→ Source records:
******
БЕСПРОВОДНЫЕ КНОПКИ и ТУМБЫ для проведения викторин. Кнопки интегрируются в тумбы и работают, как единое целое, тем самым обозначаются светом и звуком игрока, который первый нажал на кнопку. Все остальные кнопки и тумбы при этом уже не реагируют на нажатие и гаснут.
******
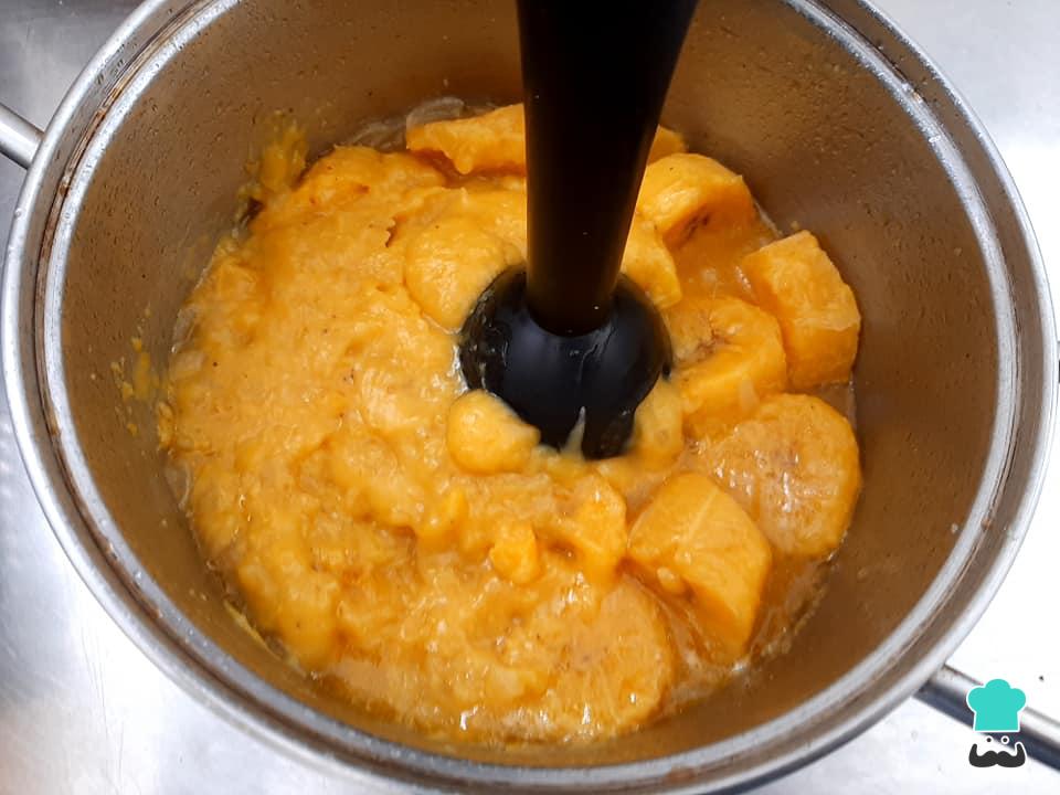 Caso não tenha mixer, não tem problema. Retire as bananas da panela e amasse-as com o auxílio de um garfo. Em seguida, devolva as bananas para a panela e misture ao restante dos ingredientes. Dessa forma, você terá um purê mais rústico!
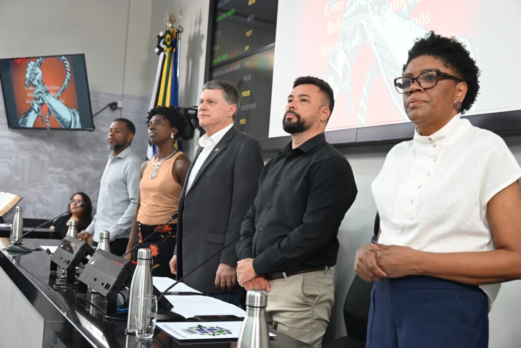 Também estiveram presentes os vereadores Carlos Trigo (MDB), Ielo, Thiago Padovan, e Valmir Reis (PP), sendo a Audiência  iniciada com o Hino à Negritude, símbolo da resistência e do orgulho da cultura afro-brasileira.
******
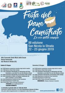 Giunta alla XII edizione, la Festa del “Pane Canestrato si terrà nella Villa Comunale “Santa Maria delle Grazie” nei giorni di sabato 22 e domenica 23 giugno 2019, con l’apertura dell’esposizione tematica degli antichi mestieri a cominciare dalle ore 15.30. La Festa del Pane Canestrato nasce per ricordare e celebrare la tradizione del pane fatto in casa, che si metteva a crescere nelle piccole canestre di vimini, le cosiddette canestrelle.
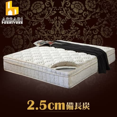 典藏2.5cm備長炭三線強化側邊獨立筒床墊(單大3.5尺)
******
→ What the task requires:
Without the pictures, set down the lines above from the line with "Giunta alla XII" up to and including the line with "典藏2.5cm備長炭三線強化側邊獨立筒床墊(單大3.5尺)" exactly as they stand.

→ Task solution:
 Giunta alla XII edizione, la Festa del “Pane Canestrato si terrà nella Villa Comunale “Santa Maria delle Grazie” nei giorni di sabato 22 e domenica 23 giugno 2019, con l’apertura dell’esposizione tematica degli antichi mestieri a cominciare dalle ore 15.30. La Festa del Pane Canestrato nasce per ricordare e celebrare la tradizione del pane fatto in casa, che si metteva a crescere nelle piccole canestre di vimini, le cosiddette canestrelle.
 典藏2.5cm備長炭三線強化側邊獨立筒床墊(單大3.5尺)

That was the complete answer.